Entries supplied START
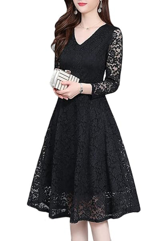 ブラック×ベージュの上品な組み合わせが魅力的なドレス。
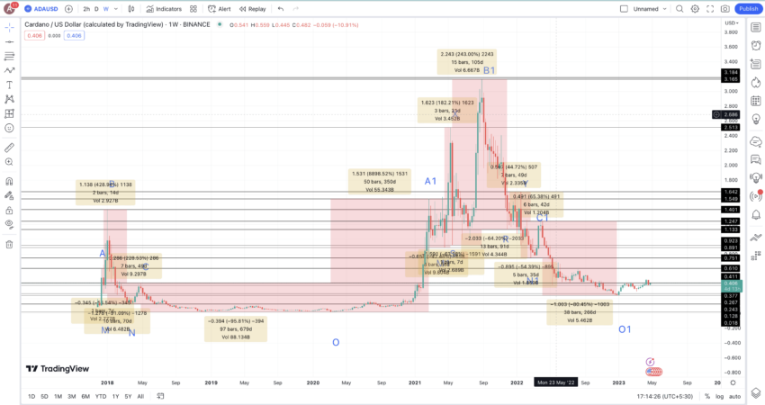 Isso também confirma o fato de que o preço da ADA em 2023 pode não cair abaixo de US$ 0,244 — o nível de O1.
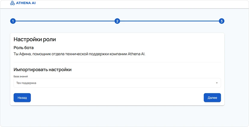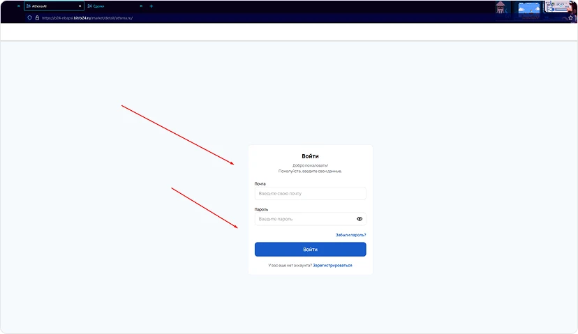На данном этапе необходимо задать параметры для работы Битрикс24 и Афины ИИ:
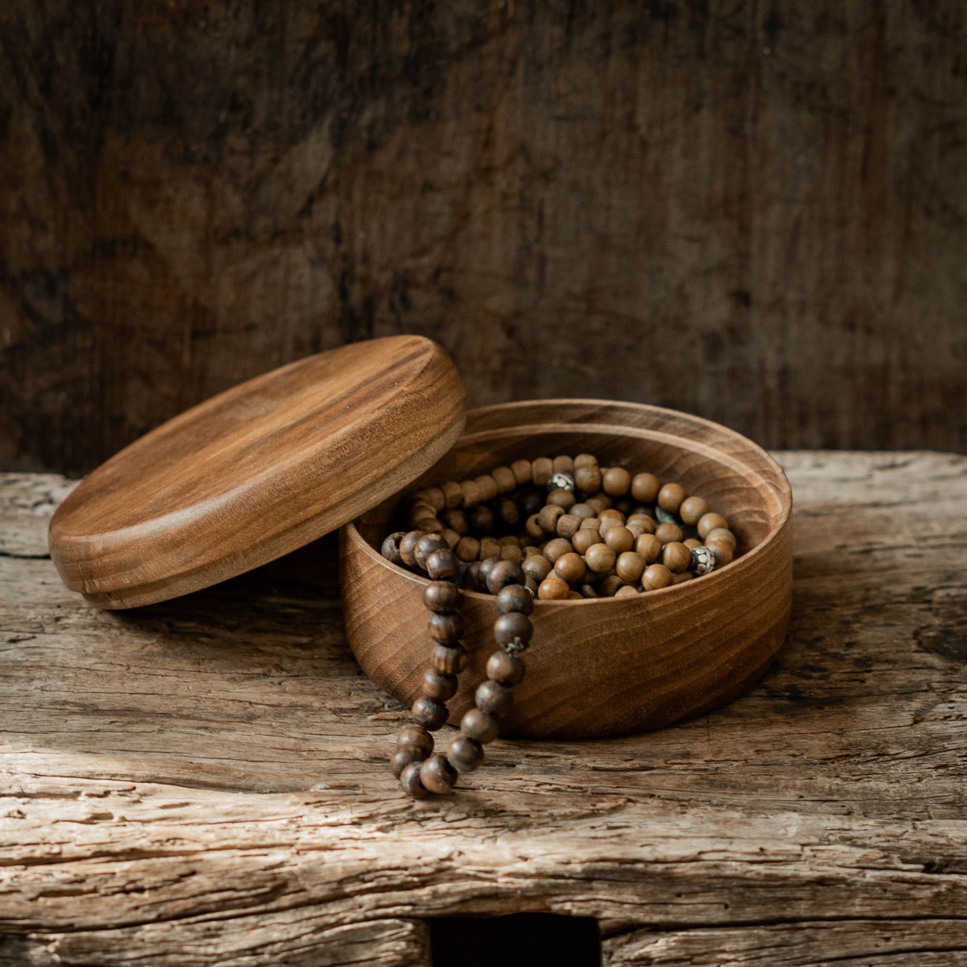 Boîte ronde en noyer – simplicité et caractère brut
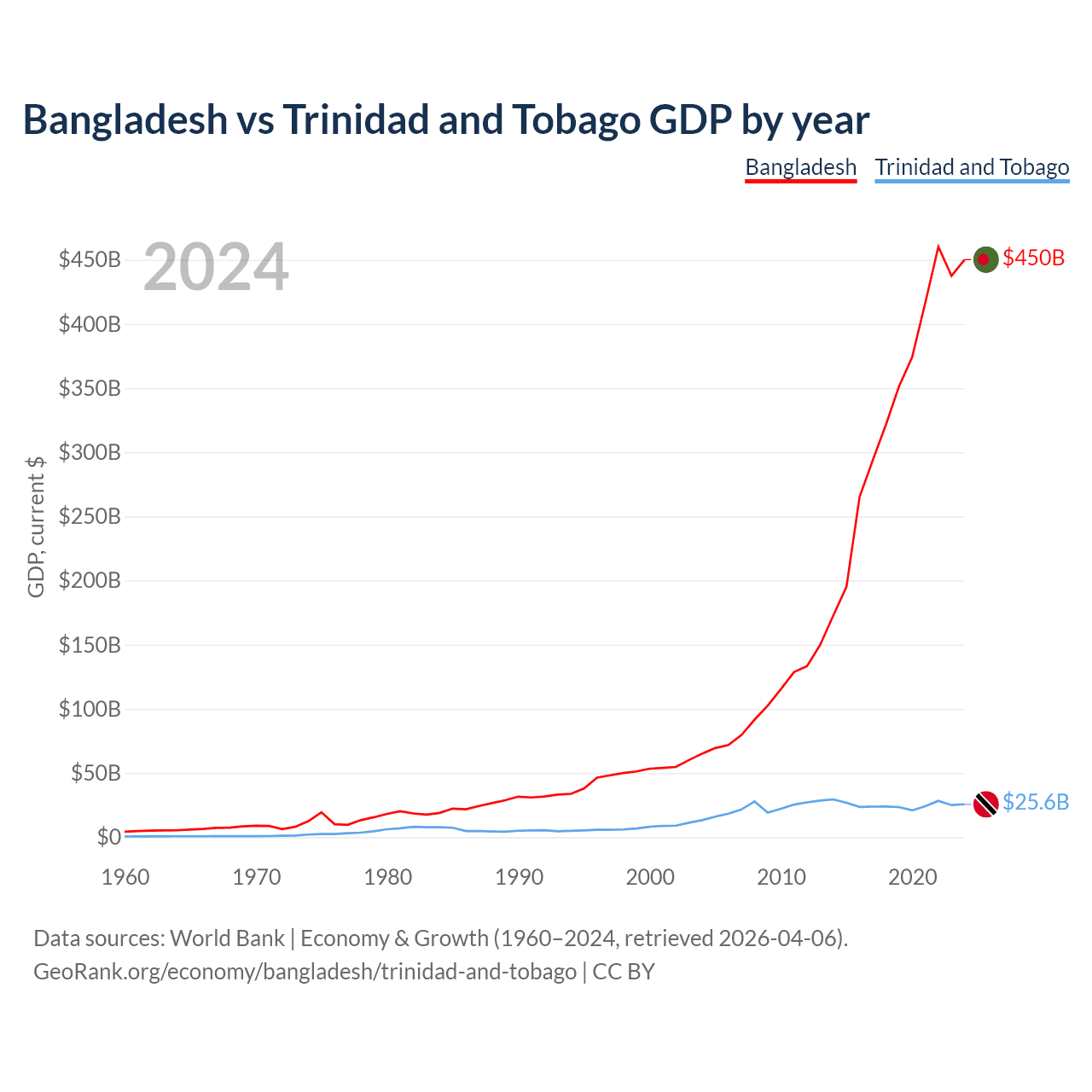 Bangladesh has a GDP of $450B compared to $25.6B for Trinidad and Tobago, ranking 36/197 and 115/197 by economy size, respectively.
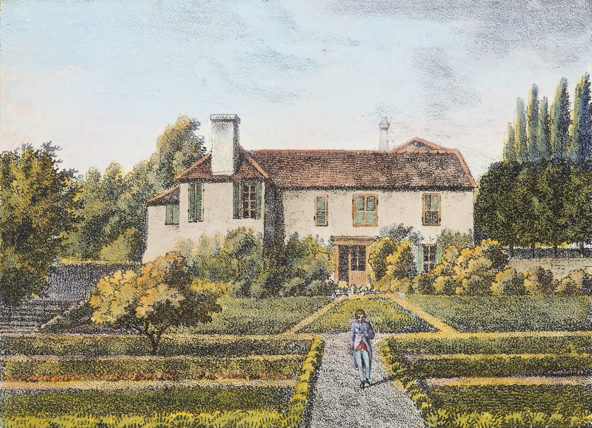 La maison des Charmettes, presque de face, entourées d'arbres. sous un ciel nuageux. Au centre, au premier plan,un soupirail. Sur le sentier, à droite, un homme qui se promène dont le chapeau en haut-de-forme de la gravure de Hamilton / Guyot (voir 92.5.52) est remplacé par un chapeau rond.
Entries supplied END
* **Work task**:
Set down the records in full and exactly. Do not carry over any image.

* **Problem solution**:
 ブラック×ベージュの上品な組み合わせが魅力的なドレス。
 Isso também confirma o fato de que o preço da ADA em 2023 pode não cair abaixo de US$ 0,244 — o nível de O1.
На данном этапе необходимо задать параметры для работы Битрикс24 и Афины ИИ:
 Boîte ronde en noyer – simplicité et caractère brut
 Bangladesh has a GDP of $450B compared to $25.6B for Trinidad and Tobago, ranking 36/197 and 115/197 by economy size, respectively.
 La maison des Charmettes, presque de face, entourées d'arbres. sous un ciel nuageux. Au centre, au premier plan,un soupirail. Sur le sentier, à droite, un homme qui se promène dont le chapeau en haut-de-forme de la gravure de Hamilton / Guyot (voir 92.5.52) est remplacé par un chapeau rond.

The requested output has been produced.